# Woodstove and thermal mass questions



## happycat47111 (Nov 23, 2013)

Hi, everyone. We just moved into a log cabin that has two hearths for wood stoves. We had one cleaned and are wanting to install a stove on it. Thing is, after looking and looking at things, I'm in love of the idea of a rocket mass heater. I don't feel confident in our know-how just yet as far as building one from scratch, so here's what I was wondering. Can we get a regular wood stove (am eyeballing the Pleasant Hearth 1,200 sq ft model from Lowe's) and then build a masonry box of some sort around it and the inside portion of the flue to make a hybrid? I wouldn't interfere with the design of the stove insofar as it pertains to drawing and all that sort of thing, but just insulate it so we have a thermal battery to store heat and slowly release it through the night. We work at home, so we'd be here during the day when the fires would be going. 

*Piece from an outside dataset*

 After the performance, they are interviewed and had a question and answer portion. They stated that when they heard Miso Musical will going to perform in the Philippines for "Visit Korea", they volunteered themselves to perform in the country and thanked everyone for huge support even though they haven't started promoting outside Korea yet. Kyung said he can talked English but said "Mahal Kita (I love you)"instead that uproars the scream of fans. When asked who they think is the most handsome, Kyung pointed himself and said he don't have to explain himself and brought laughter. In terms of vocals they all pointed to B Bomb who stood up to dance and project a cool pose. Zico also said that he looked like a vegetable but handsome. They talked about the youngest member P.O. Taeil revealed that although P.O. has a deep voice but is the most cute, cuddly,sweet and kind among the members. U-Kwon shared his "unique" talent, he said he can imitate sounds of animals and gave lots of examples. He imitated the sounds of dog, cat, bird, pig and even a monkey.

As far as the materials go, I'm thinking concrete blocks -->sand?-->stove. Put some pretty tiles on the blocks. Same thing for the flue. 

Thoughts? Am I dreaming/crazy/genius? All of the above?

Thanks!


----------



## Solar Geek (Mar 14, 2014)

HI Happy cat! Well, what you call a "rocket mass heater" is referred to in WI at least as a masonry heater. Very common but very costly. Here is a link to an incredibly talented group who build them and homes. http://gimmeshelteronline.com/heaters-and-bake-ovens/masonry-heater-portfolio/

That being said, we had a log home (2400 sq ft main and loft upstairs with office, 2 bedrooms and bath and 450 sq ft down) and used only the LOPI Liberty Woodstove freestanding to heat all winter. Also cooked a lot on it. 

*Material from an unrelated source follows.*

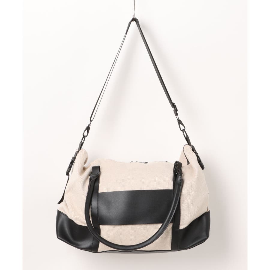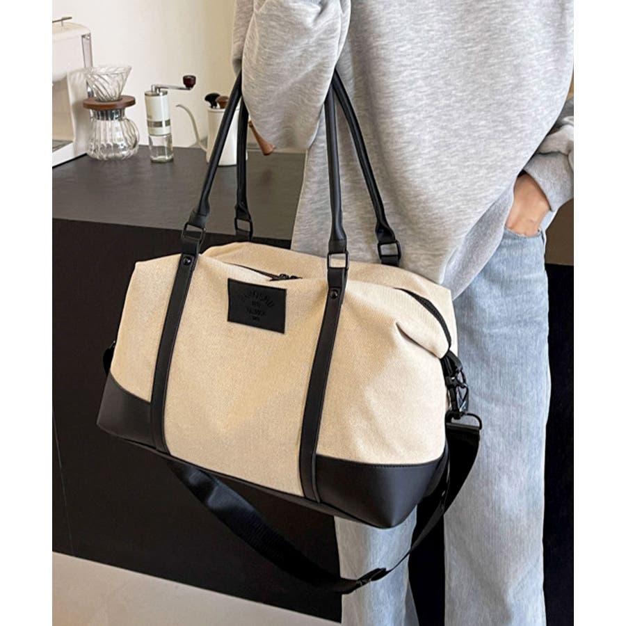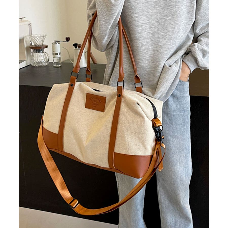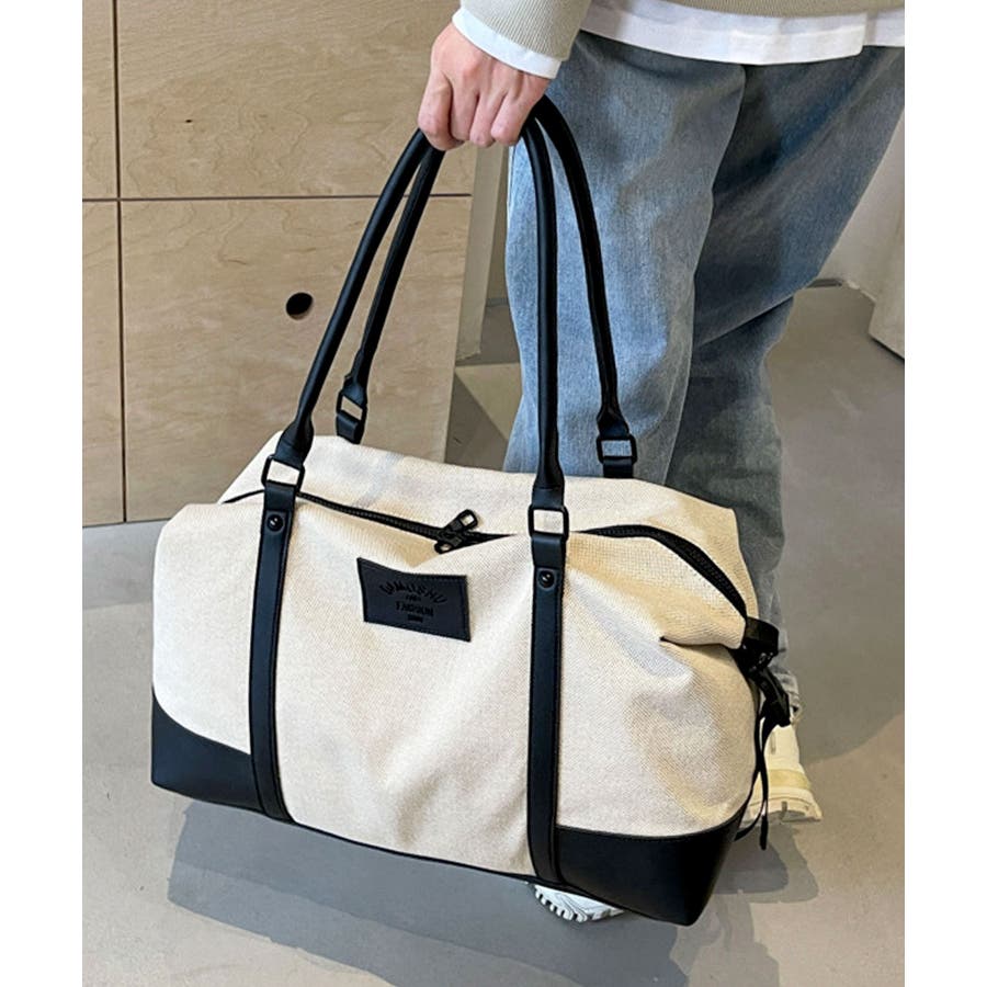 ラフな印象のキャンバス生地に上質なPUレザーを組み合わせ、きれいめカジュアルなボストンバッグに。

Temps of -30F and high winds were no problem. We had built an aggressively passive solar home and combined with closing all shades at night, being fully open during sun, having tile floor with 4" concrete underneath as a heat sink, and using the wood stove, we were toasty!(But since the downstairs was a walk-out level with high exterior exposure, we did use the smaller LOPI ANswer wood stove there as needed. Upper level could not warm lower level).

The reason we decided NOT to do the masonry/rocket heater was it just got too hot for too long. Building a small fire is a no - no as you don't want creosote buildup and need the really hot fire to warm all the stone/mass.
Problem is, log homes if well built are really temperate - cool in spring/ summer, warm in winter/fall.

We now live in an ICF (insulated concrete form) home and are again using the Liberty. Because this house is one big thermal mass and we have 1/2 slab with 6" concrete and 1/2 full poured basement, we only need a fire if there is no sun or the winds are super high (our windows here are IMMENSE as we don't care if we have to burn wood).

Any great freestanding wood stove would work. We chose the Liberty as it is and was the most highly EPA rated wood stove for low particulate matter. 

They make excellent woodstove inserts for fireplaces.


----------



## Nimrod (Jun 8, 2010)

A neighbor put a barrel stove in the basement and built a bunch of bricks all the way around it. It keeps his house toasty even when the outside temp is -40. Just build a fast hot fire in the morning and again before bed.

There is a huge difference between a rocket heater and a Russian/Finnish stove. Google both.

Time for the news.


----------



## happycat47111 (Nov 23, 2013)

Solar Geek - oooh, ICF. That was our dream for years. Never came to fruition, but kudos to you!

This house has been sorely neglected for about twenty years. It's not in bad shape, but there's a lot of maintenance that wasn't done to it. So we're playing catchup there - sealing everything that isn't sealed, etc. We have a heat pump now, and it does pretty well. Amazingly well. But it won't do us one bit of good if the power goes off, hence the desire for the woodstove/rocket mass heater. Plus, I'd prefer to not have to pay $$$ to stay warm this winter. 

What we're thinking would be more of a hybrid, a distant-cousin kind of hybrid, of a masonry stove. Like Nimrod says, there's a huge difference between the RMH and the masonry stove. We want the battery but aren't confident enough to do the full-size RMH. 

I think we're going to experiment around with a couple of things we found on YouTube last night. Build it outside, see how well it runs, see if it's feasible, and if so, move it inside, seal it up, and go from there. What we found was well put together, well thought out, and not as um&#8230; questionable as some of the RMH designs. So fingers crossed. 

I did more research on the wood stove we were looking at - the construction is just so pitiful on it, I can't see getting it. Even if we rehab it and fix some of the issues the stove has (according to reviews) I still wouldn't feel safe with it in the house, and that's before we added the battery. 

Thanks, y'all! More opinions and thoughts welcome.


----------